89	6.961933	10.58.26.85	10.58.96.15	DNS	86	Standard query 0xe32e A openplatform-int.com
90	6.961949	10.58.26.85	10.58.96.15	DNS	86	Standard query 0xf69a AAAA openplatform-int.com
91	6.962139	10.58.96.15	10.58.26.85	DNS	222	Standard query response 0xf69a AAAA openplatform-int.com CNAME internal-arm-opt-prod.lb.anypointdns.net SOA ns-1268.awsdns-30.org
92	6.966955	10.58.96.15	10.58.26.85	DNS	553	Standard query response 0xe32e A openplatform-int.com CNAME internal-arm-opt-prod.lb.anypointdns.net A 10.251.60.253 A 10.251.60.138 NS h.gtld-servers.net NS b.gtld-servers.net NS c.gtld-servers.net NS f.gtld-servers.net NS d.gtld-servers.net NS m.gtld-servers.net NS k.gtld-servers.net NS l.gtld-servers.net NS g.gtld-servers.net NS a.gtld-servers.net NS j.gtld-servers.net NS e.gtld-servers.net NS i.gtld-servers.net A 192.41.162.30 A 192.12.94.30 A 192.48.79.30 A 192.54.112.30 A 192.52.178.30 A 192.33.14.30 A 192.26.92.30 A 192.35.51.30 A 192.43.172.30 A 192.31.80.30
93	6.967129	10.58.26.85	10.58.96.15	DNS	86	Standard query 0x9a4d AAAA openplatform-int.com
94	6.967314	10.58.96.15	10.58.26.85	DNS	222	Standard query response 0x9a4d AAAA openplatform-int.com CNAME internal-arm-opt-prod.lb.anypointdns.net SOA ns-1268.awsdns-30.org
95	6.969508	10.58.26.85	10.58.96.15	DNS	86	Standard query 0x1e61 A openplatform-int.com
96	6.969707	10.58.96.15	10.58.26.85	DNS	553	Standard query response 0x1e61 A openplatform-int.com CNAME internal-arm-opt-prod.lb.anypointdns.net A 10.251.60.253 A 10.251.60.138 NS j.gtld-servers.net NS e.gtld-servers.net NS c.gtld-servers.net NS h.gtld-servers.net NS m.gtld-servers.net NS a.gtld-servers.net NS g.gtld-servers.net NS l.gtld-servers.net NS k.gtld-servers.net NS d.gtld-servers.net NS b.gtld-servers.net NS f.gtld-servers.net NS i.gtld-servers.net A 192.41.162.30 A 192.12.94.30 A 192.48.79.30 A 192.54.112.30 A 192.52.178.30 A 192.33.14.30 A 192.26.92.30 A 192.35.51.30 A 192.43.172.30 A 192.31.80.30
97	6.969896	10.58.26.85	10.251.60.253	ICMP	100	Echo (ping) request  id=0x0602, seq=1/256, ttl=64 (no response found!)
Does that mean anything to you?

Re: Address resolution issue

Posted: Wed Oct 24, 2018 10:54 am
by cdienger
Do you have access to the DNS server to verify the A records for this host?
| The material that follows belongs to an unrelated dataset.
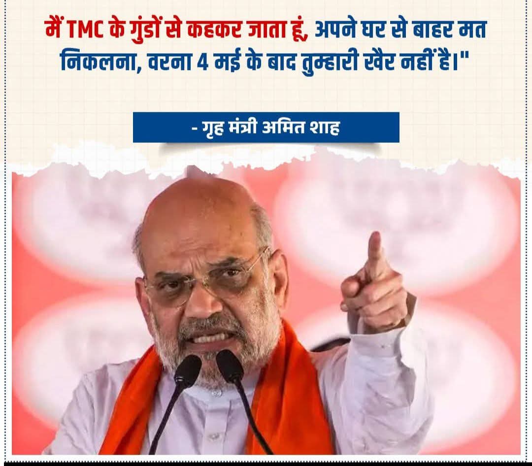 केंद्रीय गृहमंत्री अमित शाह ने पश्चिम बंगाल को लेकर साफ़ चेतावनी दी है, उन्होंने कहा है कि टीएमसी के गुंडों, कान खोलकर सुन लो…”मतदान के दिन घर मे ही बैठना, वरना अंजाम भुगतने के लिए तैयर रहना। साथ ही जनता से अपील की है कि बेखौफ होकर वोट डालें, क्योंकि केंद्रीय अर्धसैनिक बलों की पूरी व्यवस्था की गई है। उन्होंने कानून और सुरक्षा दोनों पर फोकस करते हुए कड़ा संदेश दिया है।

It looks like there could be a loop. A request is made:

89 6.961933 10.58.26.85 10.58.96.15 DNS 86 Standard query 0xe32e A openplatform-int.com

and the response contains an A record containing a hostname instead of an IP:

92 6.966955 10.58.96.15 10.58.26.85 DNS 553 Standard query response 0xe32e A openplatform-int.com ....

then .000174 seconds later is another request for the same host:

93 6.967129 10.58.26.85 10.58.96.15 DNS 86 Standard query 0x9a4d AAAA openplatform-int.com

and the A record containing the hostname is again returned.